Adding a wildcard subdirective to a site label with a wildcard should, if I recall correctly, produce an error on startup, hence Caddy not serving either of your sites.

There’s still some ambiguity here - you say you added the extra directive, did that replace the tls directive of the original, or are you running one tls block with ask endpoint and one tls block with dns cloudflare and wildcard?

Just a reminder - even if you think it’s superfluous, posting your entire, unedited Caddyfile, and remembering to copy and paste any Caddy output such as process logs, will get you much better help faster.

1 Like

I just configured my server again using what @tobya suggested and it started working for both custom domains and sub-domains.

However, the server fails while adding this block to my Caddyfile:

:443 {
  proxy / Load Balancer IP {
    transparent
  }

  tls email address
  tls {
    ask endpoint
  }
}

*.example.com {
  proxy / Load Balancer IP {
    transparent
  }

  tls email
  tls {
    dns cloudflare
  }
}

It says, Error during parsing: Unknown DNS provider by name 'cloudflare' on start-up.

I installed the Cloudflare plugin and also have my ENV variables set-up with my Cloudflare email and access key.

What might be the issue here?

I want to fetch a wildcard certificate and for that, I believe I require the dns directive.

Possibly the Cloudflare DNS provider plugin wasn’t installed as expected.
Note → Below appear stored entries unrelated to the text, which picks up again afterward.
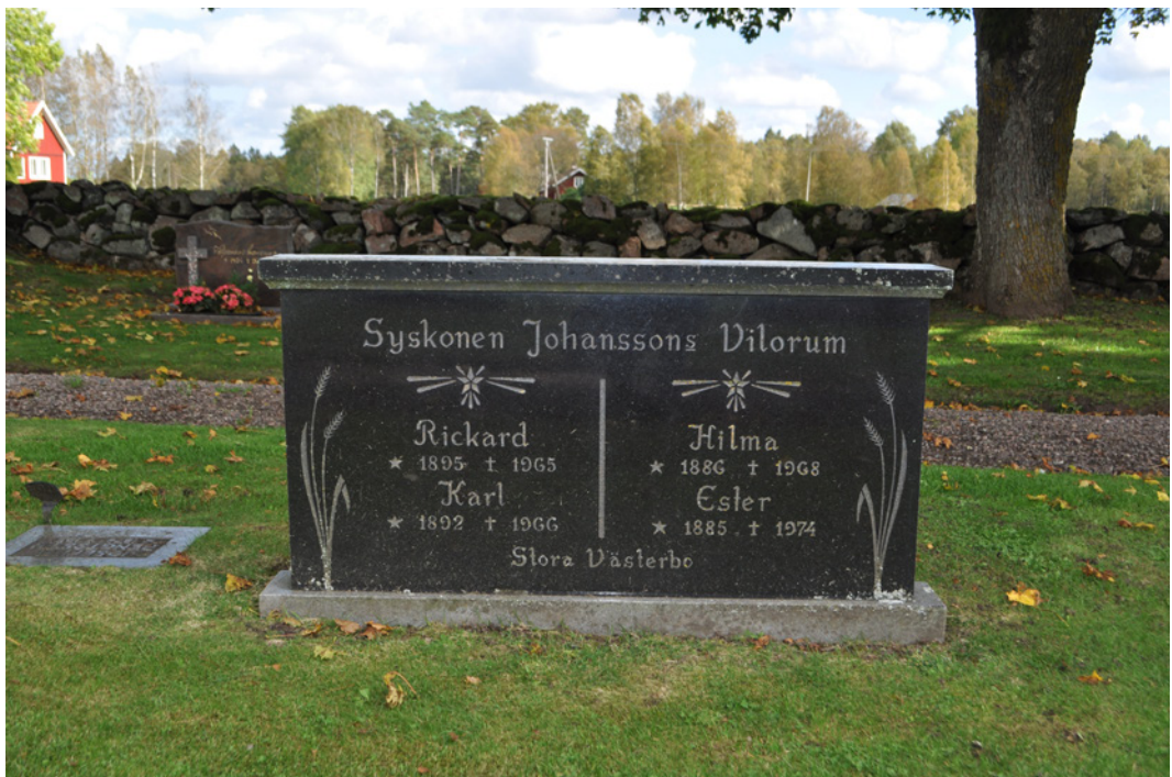
1. Gravvård över fyra syskon. Jäla kyrkogård, Västergötland.

1990-talet väckte en serie program med bröderna Erik och Sigvard Gustafsson i småländska Hågeryd uppståndelse. Avsnitten samlades senare till en TV-film – Erik och Sigvard: ett år i Småland – numera allmänt tillgänglig via SVT:s öppna arkiv. Berättelsen om brödernas liv på släktgården utanför Växjö skildrades senare i både tidningar och böcker, främst med utgångspunkt i deras ålderdomliga livsföring. Medan 1900-talets jordbruksutveckling präglades av omfattande mekanisering framstod deras jordbruk, med hästkraft och handmjölkning, som en kvar-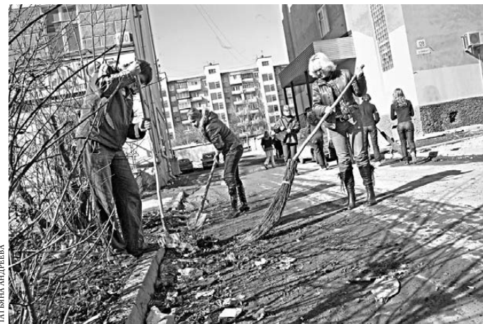
В Екатеринбурге общегородской день чистоты пройдет 29 апреля.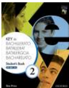
Oxford Key 2n batx Ed. Oxford - Student's Book (no reciclable) ISBN 978-01-946-1119-0

- Workbook (no reciclable) ISBN 978-01-946-1122-0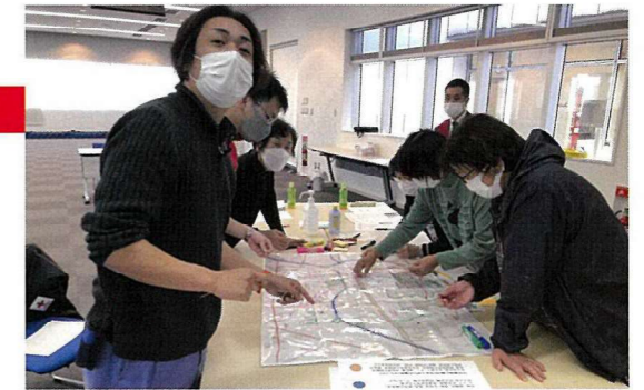
防災教育の指導者の知識の向上を図りました

救急法指導員養成研修 防災教育事業指導者フォローアップ研修 救護班要員主事研修会 青年奉仕団研修会 高速自動車国道等合同訓練 青少年赤十字スタディーセンター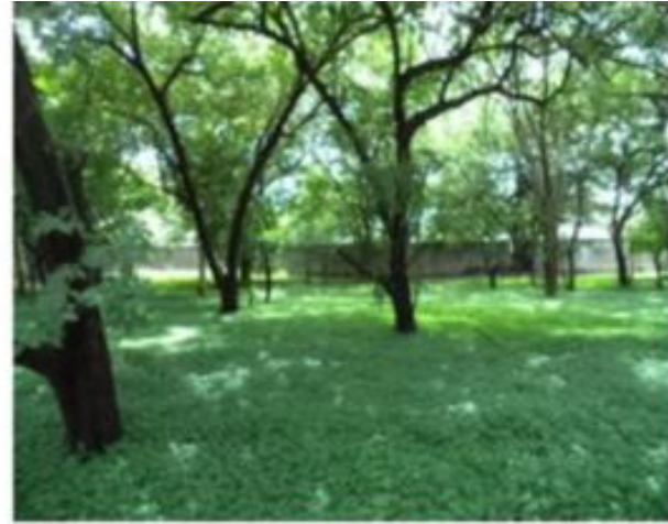
Perspectivas internas de la propiedad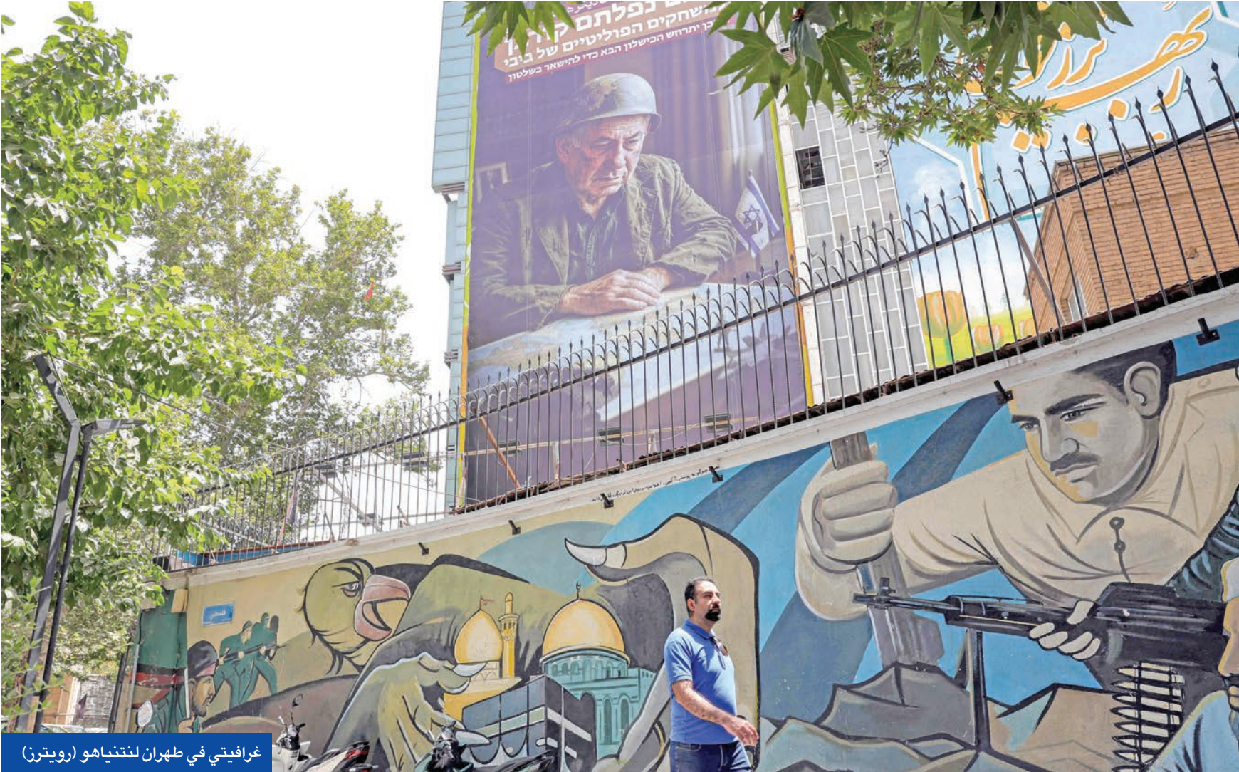
غرافيتي في طهران لنتنياهوو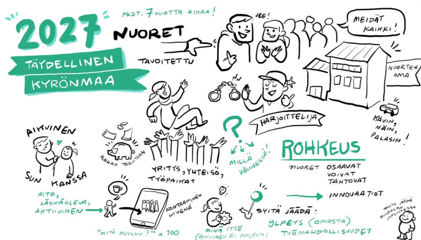
Kuva2. Nuorten näkökulma osallistavaan työskentelyyn vuonna 2027. Tussitaiturit

Kyrönmaan sijainti kahden maakunnan alueella, maakuntakeskusten kupeessa, tarjoaa edellytykset maaseutumaiselle asumiselle rikkaassa kulttuuri- ja luontoympäristössä. Pienen alueen lähipalvelut ja kulttuuriympäristöjen ylläpito ja monipuolinen käyttö edellyttää innovatiivisia ja yhteisöllisiä ratkaisuja. Kylätaloja ja nuorisoseuroja kunnostetaan sekä toimintaa aktivoidaan esim. tapahtumien, kurssien, näyttösten, tanssien ja yhteisruokailujen muodossa. Tiloja kehitetään myös etätyöntekijöiden ja yksinyrittäjien sosiaalisina tiloina, mikä edellyttää hyviä tietoliikenneyhteyksiä ja saavutettavuuden parantamista esim. varauskalenterin avulla.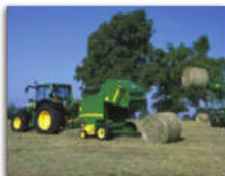
Utilisation du matériel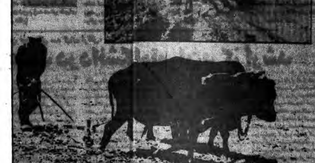
مزارعی در استان خراسان که در حال کاشت پنبه است.

● در زمینه تولید جوجه یک روزه گوشتی و مرغ تخم‌گذار از مرز خودگفائی گذشتیم. وزیر کشاورزی و عمران روستایی در پاسخ سؤال خبرنگار که در زمینه تولید جوجه یک روزه گوشتی و مرغ تخم‌گذار از مرز خودگفائی گذشتیم، اظهار داشت: در این زمینه ما تا حد زیادی موفق شده‌ایم و اکنون می‌توانیم نیازهای داخلی کشور را تامین کنیم.

I believe you have the correct configuration.

How do you run Caddy?

What’s the output of caddy -plugins?

1 Like

Yes, you’re right. Cloudflare doesn’t show up in the list:

Server types:
  http

Caddyfile loaders:
  short
  flag
  default

Other plugins:
  http.basicauth
  http.bind
  http.browse
  http.errors
  http.expvar
  http.ext
  http.fastcgi
  http.gzip
  http.header
  http.index
  http.internal
  http.limits
  http.log
  http.markdown
  http.mime
  http.pprof
  http.proxy
  http.push
  http.redir
  http.request_id
  http.rewrite
  http.root
  http.status
  http.templates
  http.timeouts
  http.websocket
  on
  tls
  tls.cluster.file

I’ve added the plugin in the imports section:

lumberjack "gopkg.in/natefinch/lumberjack.v2"

        _ "github.com/mholt/caddy/caddyhttp" // plug in the HTTP server type
        // This is where other plugins get plugged in (imported)
        _ "github.com/caddyserver/dnsproviders/cloudflare"

Then, I did:

  1. Git commit
  2. go get ./...
  3. go install github.com/mholt/caddy/caddy
sudo cp $GOPATH/bin/caddy /usr/local/bin/
sudo chown root:root /usr/local/bin/caddy
sudo chmod 755 /usr/local/bin/caddy
sudo setcap 'cap_net_bind_service=+ep' /usr/local/bin/caddy

After that, I added the ENV to the caddy.service file and restarted the service.

You’re just ignoring your changes and installing stock Caddy (unless I’m mistaken…).

The latest instructions for building Caddy from source, with plugins, is here:

GitHub - caddyserver/caddy: Fast and extensible multi-platform HTTP/1-2-3 web server with automatic HTTPS

1 Like

I reinstalled the plugin and now it’s working. Subdomains are being served by a wildcard certificate.

However, there’s just one thing that’s not working. Custom domains are automatically getting redirected to HTTPs but not sub-domains.

I have to explicitly open https://sub.domain.com for it to use HTTPs. Otherwise it’s connecting via HTTP.

Huh, that’s odd. I’m like 98% sure that wildcard sites, with ambiguous scheme and Automatic HTTPS enabled, should set up a HTTP redirect listener as normal.

Easiest way to workaround that issue would be to further split *.example.com into two sites:

http://*.example.com {
  redir https://{host}{uri}
}

https://*.example.com {
  # site definition here!
}

Essentially recreating Automatic HTTPS’ default redirect listener behaviour.